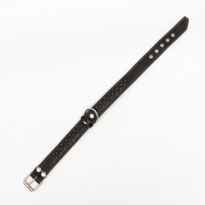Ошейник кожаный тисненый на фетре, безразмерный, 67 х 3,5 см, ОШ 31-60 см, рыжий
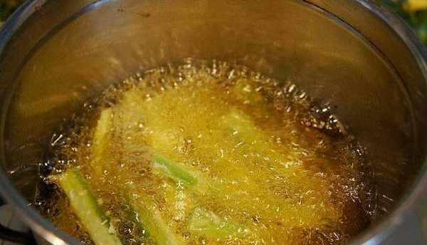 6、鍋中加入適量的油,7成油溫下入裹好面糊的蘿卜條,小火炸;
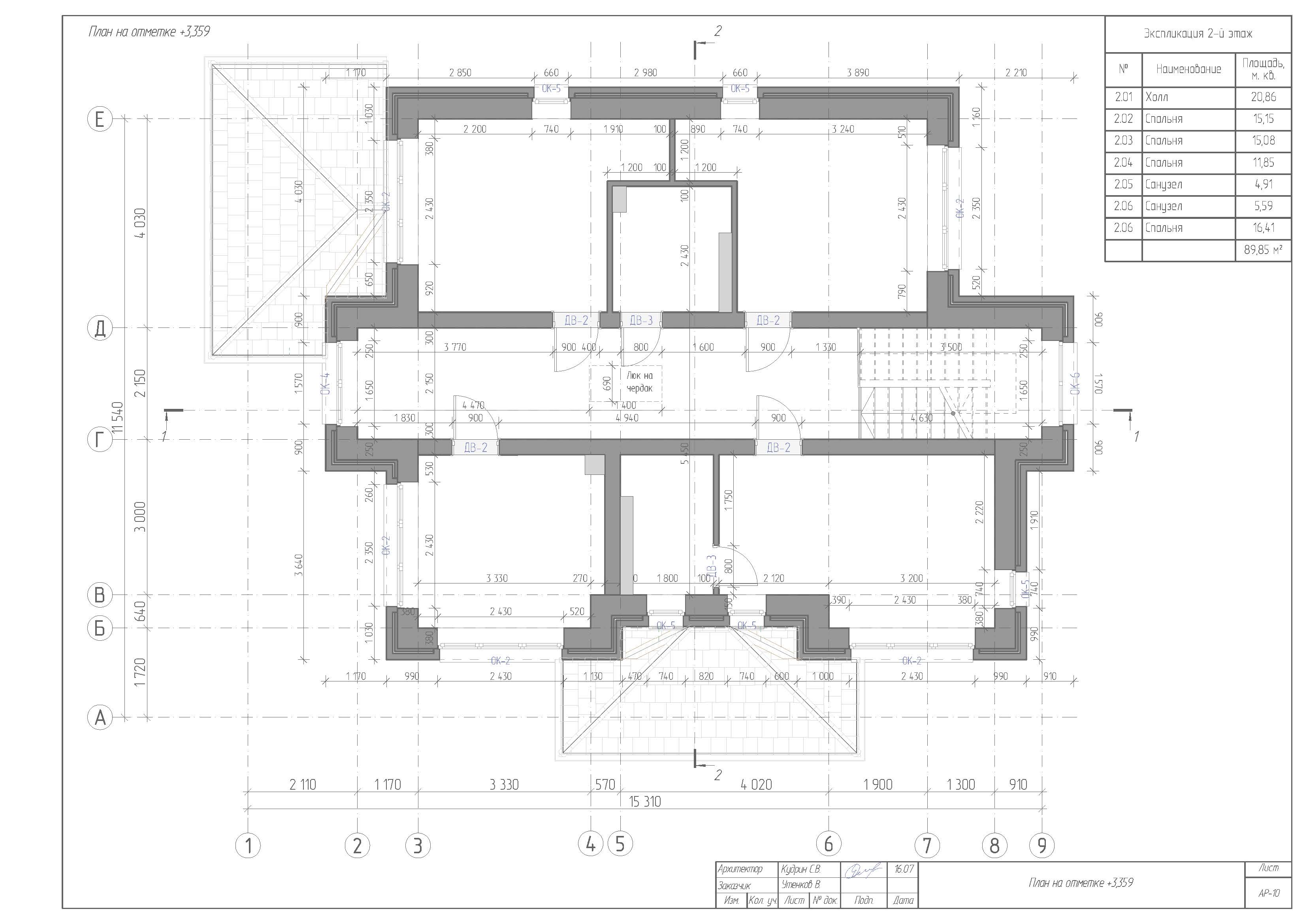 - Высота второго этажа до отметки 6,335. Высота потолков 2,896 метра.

-------------------------

# ABOUT THIS EXERCISE
What is needed is the whole listing again, set down exactly, without its pictures.

# RESPONSE
Ошейник кожаный тисненый на фетре, безразмерный, 67 х 3,5 см, ОШ 31-60 см, рыжий
 6、鍋中加入適量的油,7成油溫下入裹好面糊的蘿卜條,小火炸;
 - Высота второго этажа до отметки 6,335. Высота потолков 2,896 метра.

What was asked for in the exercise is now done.